What is the coordinates of the center of an ellipse defined by the equation 16x^2 + 25y^2 + 160x - 200y + 400 = 0 ? Please give solution .



Answer :


16x^2 + 25y^2 + 160x - 200y + 400 = 0     Rearrange and regroup.

(16x^2 + 160x) + (25y^2 - 200y ) = 0-400.     Group the xs together and the ys together.

16(X^2 + 10x) + 25(y^2-8y) = -400.     Factorising.

We are going to use completing the square method.

Coefficient of x in the first expression = 10.

Half of it = 1/2 * 10 = 5. (Note this value)

Square it = 5^2  = 25.     (Note this value)


Coefficient of y in the second expression = -8.

Half of it = 1/2 * -8 = -4. (Note this value)

Square it = (-4)^2  = 16. (Note this value)
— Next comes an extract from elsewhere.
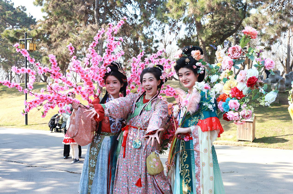 活动现场,舞者们用大型唐风舞蹈“霓裳贺岁”为游客带去新春祝福,水袖翩跹、鼓点铿锵,赢得现场观众阵阵掌声。“花间巡游”活动中,“花仙子”“采花女”于花径间穿行,与游客赠花互动、合影留念,营造出“花不离人、人不负春”的绝美场景。

We are going to carry out a manipulation of completing the square with the values

25 and 16.  By adding and substracting it.


16(X^2 + 10x) + 25(y^2-8y) = -400

16(X^2 + 10x + 25 -25) + 25(y^2-8y + 16 -16) = -400

Note that +25 - 25 = 0.    +16 -16 = 0. So the equation is not altered.

16(X^2 + 10x + 25) -16(25) + 25(y^2-8y + 16) -25(16) = -400


16(X^2 + 10x + 25) + 25(y^2-8y + 16)  = -400 +16(25) + 25(16)    Transferring the terms -16(25) and -25(16)

to other side of equation.  And 16*25 = 400


16(X^2 + 10x + 25) + 25(y^2-8y + 16)  = 25(16)


16(X^2 + 10x + 25) + 25(y^2-8y + 16)  = 400

We now complete the square by using the value when coefficient was halved.


16(x-5)^2 + 25(y-4)^2  = 400

Divide both sides of the equation by 400


(16(x-5)^2)/400 + (25(y-4)^2)/400  = 400/400              Note also that, 16*25 = 400.


((x-5)^2)/25 + ((y-4)^2)/16  = 1

((x-5)^2)/(5^2) + ((y-4)^2)/(4^2)  = 1


Comparing to the general format of an ellipse.

((x-h)^2)/(a^2) + ((y-k)^2)/(b^2)  = 1


Coordinates of the center = (h,k).

Comparing   with above   (x-5) = (x - h) , h = 5.

Comparing   with above   (y-k) = (y - k) , k = 4.

Therefore center = (h,k) = (5,4).

Sorry the answer came a little late.  Cheers.